Times Square officially entered the Pop-Tarts World era this week, as the breakfast pastry theme store debuted under the sort of towering, garish billboard that has long been an area staple. But it made us wonder: Let’s say you wanted to truly stand out in the colorful corporate orgy of Times Square. Could you choose an understated, unadorned façade?

 

The answer is no. The city, it turns out, has a law against tasteful restraint in Times Square.

 

The area is part of the “Special Midtown District” that has its own distinct zoning code. Part of the mission of these regulations is to preserve and protect the “unique combination of building scale, large illuminated signs and entertainment and entertainment-related uses” that are central to Times Square’s history. The idea was to ensure that Times Square never became another drab steel canyon of conservative office towers.

 

“This was a result of a preservationist instinct to not have this area turn into another 6th Avenue,” says Ellen Goldstein, vice president of policy and design for the Times Square Alliance. “Even when Times Square was at its most degraded — you know, when there were porn theaters and grindhouses — it was always defined by lights.
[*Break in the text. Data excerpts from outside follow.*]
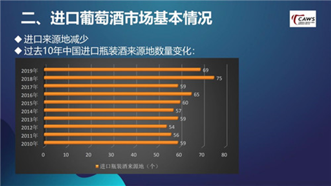 此外,進口來源地減少,2019年瓶裝酒進口來源地前十位約占進口總額的96.0%。其中,又以澳大利亞葡萄酒的表現最為突出,在2019年以8個點的差距反超了法國葡萄酒,但在接下來的市場競爭中,澳大利亞葡萄酒也面臨一定挑戰:首先,零關稅、大品牌驅動、投資移民等因素的推動作用會在階段性變化中逐漸減弱,澳洲與法國在接下來的市場中差距不會進一步拉大;其次,意大利、智利等國葡萄酒在中國市場競爭愈加激烈化,近兩三年來,他們明顯加強了在中國市場的投入,處在一個比較穩定的上升階段,我個人比較看好他們接下來的表現。
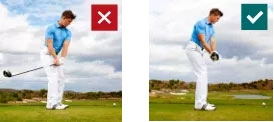 √:要想让杆面在击球点方正击球,在起杆时就要让球杆沿双脚连线方向向后挥出一段距离。当上杆至膝盖高度时,从侧面看,杆头应能遮住双手。可以请朋友来帮忙检查,或使用录相机。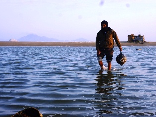 Un “cortinero” que yacía frente a la playa Anconcillo informó que en horas de la tarde terminó de reubicarse pues en la mañana el oleaje provocó la salida del mar y trajo consigo una laguna la cual tuvo que atravesar para terminar de recuperar sus bollas.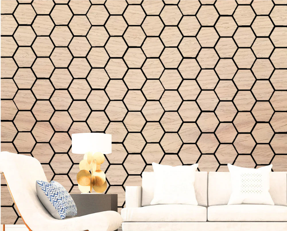 Elke aku hexagon biedt een authentieke houtnerf en tastbare structuur, uniek in elk stuk dankzij echt houtfineer.
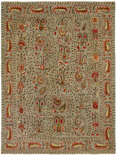 "I took elements from about 20 different Afghani rugs, but the challenge was to put them together harmoniously and to modernize them. It took about five to six weeks to design the rug and it took four to five months to construct it using extra weavers," Tezcan told RugNews.com.

If you preserve the advertising, you preserve the character of the neighborhood.”

 

In a way, the zoning code governing the signs is wonderfully ironic. The bright lights of Times Square, one of the most visible and iconic testaments to the city’s hyper-capitalist verve, are maintained not by Adam Smith’s invisible hand but by little-known government regulations. For those with the stomach to navigate the bureaucratic language, the zoning regulations make for interesting reading. What appears totally haphazard to the untrained tourist’s eye is actually planned down to the last square foot, with copious rules about how much of any surface must be covered in signage.

 

Own a building on Broadway but detest the flashing lights? Too bad. As the code states:

 

There shall be a minimum of one illuminated sign with a surface area of not less than 1,000 square feet for each 50 linear feet, or part thereof, of street frontage.

 

There are instructions for precisely which direction Times Square’s signage must face and extraordinarily detailed diagrams for how the brightness of mandatory illuminated displays shall be measured. Does your building feature a blinking sign? The rules require that the unlit phase not exceed three seconds. When can the bright lights be switched off? No earlier than 1:00 a.m.

 

According to Goldstein, Times Square’s survival as an outlandish area has at times been in jeopardy. “For example, when the Morgan Stanley building came in, they didn’t want to have any signs and lights over them,” she says. “There was concern that when those kinds of buildings went up, they weren’t going to want to have signs.”

 

It’s unclear how the city enforces these rules. Officials at the city’s Department of City Planning didn’t know of any examples in which building owners have been penalized for non-compliance with the special zoning rules. Not that anyone with a profit motive would want to forgo the glitzy advertising. “We know some of those signs go for upwards of $1 million a year,” Goldstein said.